Эти врожденные эмоции настолько сильны, что они помогают людям оставаться нравственными даже в самых аморальных ситуациях. Рассмотрим поведение солдат на войне. На поле боя людей недвусмысленно призывают убивать друг друга, убийство превращается в акт героизма. И все же даже в таких жестоких ситуациях солдаты часто испытывают трудности при преодолении своих нравственных инстинктов. К примеру, во время Второй мировой войны бригадный генерал армии США С. Л. Э. Маршалл провел опрос среди тысяч американских военных, только что вернувшихся с полей сражения. Полученный им шокирующий результат состоял в том, что менее 20 % солдат на самом деле стреляло по врагам даже во время атаки. «Страх убить кого-то, – писал Маршалл, – а не страх быть убитым – вот что является самой распространенной причиной неудачи в сражении для отдельного человека». Когда солдаты помимо своей воли оказывались в ситуации, в которой они могли напрямую причинить вред другому человеку, – а это личное нравственное решение, – эмоции в буквальном смысле выводили их из строя. «В наиболее ответственный момент сражения, – писал Маршалл, – солдат вдруг отказывался от прохождения военной службы по идейным соображениям».

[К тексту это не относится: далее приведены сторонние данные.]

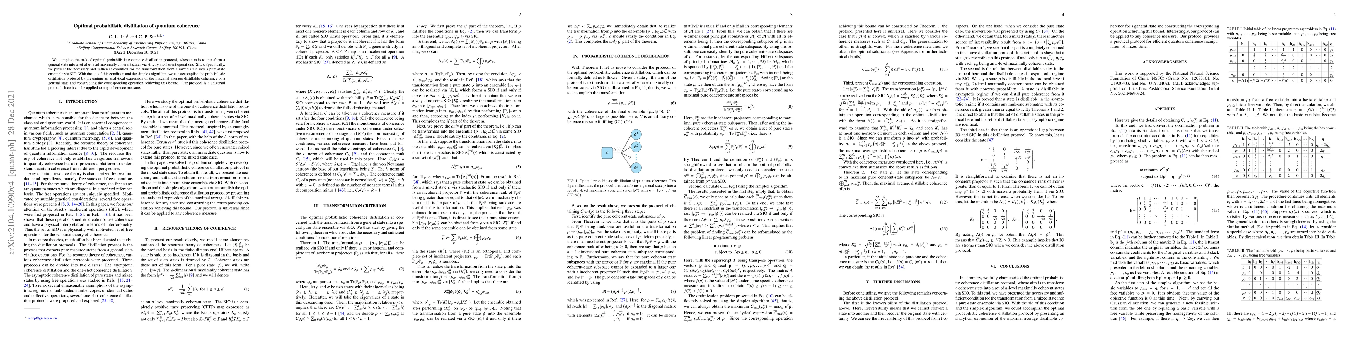 The research presents a necessary and sufficient condition for transforming a mixed state into a pure-state ensemble via strictly incoherent operations (SIO), utilizing the simplex algorithm to accomplish the optimal probabilistic coherence distillation protocol.

После того как эти данные в 1947 году были опубликованы, армия США поняла, что у нее серьезные проблемы. Она немедленно начала пересматривать режим подготовки солдат, чтобы увеличить «коэффициент поражения». Новобранцы начали бесконечно репетировать убийство, стреляя по анатомически достоверным мишеням, падавшим при попадании. Как отметил подполковник Дейв Гроссман, «в этой обстановке учат стрелять осознанно и постоянно… Солдат делают невосприимчивыми к акту убийства, пока оно не становится автоматической реакцией». Армия также начала придавать особое значение таким боевым тактикам, как высотное бомбометание и дальнобойная артиллерия, которые могли скрыть личную цену войны. Когда бомбы сбрасываются с высоты 40 тысяч футов, решение о том, чтобы нанести удар, напоминает поворот руля в трамвае: люди оказываются отделены от результирующих смертей.

Эти новые приемы подготовки и боевая тактика дали впечатляющие результаты. Спустя несколько лет после публикации его исследования Маршалла отправили воевать в Корею, где он обнаружил, что теперь уже 55 % пехотинцев используют свое оружие по назначению. Во Вьетнаме коэффициент поражения составил почти 90 %. Армии удалось превратить наиболее личную из всех нравственных ситуаций в безличный рефлекс. Солдаты больше не испытывали прилива негативных эмоций, стреляя из своего оружия. Их превратили, как писал Гроссман, в «смертоносные машины».


3

По сути принятие нравственных решений непосредственно связано с сопереживанием. Мы испытываем отвращение к насилию, потому что знаем, что оно причиняет боль. Мы справедливо относимся к другим людям, потому что знаем, как чувствует себя человек, к которому относятся несправедливо. Мы отказываемся причинять страдания, потому что можем себе представить, каково это – страдать. Наш мозг естественным образом объединяет нас всех, так что мы можем лишь последовать совету апостола Луки: «И как хотите, чтобы с вами поступали люди, так и вы поступайте с ними».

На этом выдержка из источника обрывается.